Ms. Rudiak said while trash is a prime focus, there are other challenges in the South Side to be addressed.

Everyone is welcome to attend meetings, which are held the second Wednesday of the month.

The next meeting will be at 6 p.m. on April 12 at the Brashear Center, 2005 Sarah Street, in the Flats.

City Councilman Bruce Kraus said he has attended Oakwatch meetings for the past five years.

“It is a proven model with proven success,” he said.

Next, a Cobden St. resident said he and a partner plan to subdivide the parcel adjacent to his home and construct four townhouses. The plan is preliminary. The target market would be young professionals.

The location would be between Cobden and Wellington streets.

Variances must be obtained for lot size, setbacks, and use of attached single family dwellings in the R1D zoning district.

A Zoning Board of Adjustment hearing will be held on March 23 at City Planning, 200 Ross St.

A Wellington St. resident expressed concerns about parking and the width of the street. Regarding the latter, he said there will not be a turning radius as the street is too narrow.

“You’re going to have people on top of people,” he said of the parking problem.

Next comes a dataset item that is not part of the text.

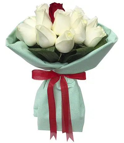 San Blass, buquê com 19 Rosas brancas e uma única vermelha ao centro em tecido e laço de fita cetim.

The last speaker was a Newton St. resident who said there is no storm water management on the street.

“Newton St. is sliding,” he said. A consequence is the hillside is falling into his yard.

He said he was told by city officials that the city would stabilize the street. Instead, he received a violation notice to have a geo-technical survey done.

He called blaming residents for a city failing “a dangerous precedent.”

In the meantime, the road continues to crumble. He said he wants to work with the city to find a solution.

“Nothing has been done to stop this slide,” he said.